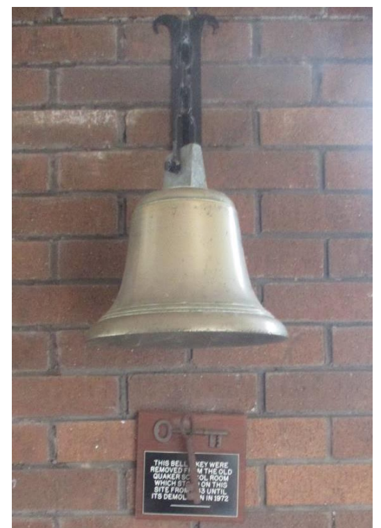
Figure 7: Bell and key from former Quaker School dating from 1740

The lobby area contains a bell and key which were salvaged from the former school room which stood on this site (1743 - 1972).
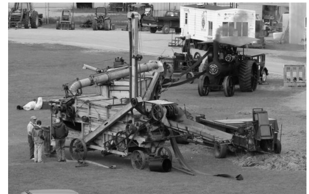
Threshing and Baling Demonstrations

Exhibitor Online Registration at www.UPSteamAndGasEngine.org
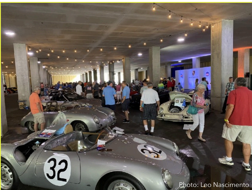
65th Porsche Parade - Historic Display

Join me in Birmingham for a celebration of Porsche excellence, camaraderie, and the thrilling lifestyle that comes with being a part of the PCA. Whether you're a longstanding member or new to the community, the Porsche Parade is an experience you won't want to miss!

(TASK STATEMENT):
Please print exactly the lines of the entries above, beginning with the line that contains "65th Porsche Parade - Historic Display" and ending with the last line.

(ANSWER):
65th Porsche Parade - Historic Display

Join me in Birmingham for a celebration of Porsche excellence, camaraderie, and the thrilling lifestyle that comes with being a part of the PCA. Whether you're a longstanding member or new to the community, the Porsche Parade is an experience you won't want to miss!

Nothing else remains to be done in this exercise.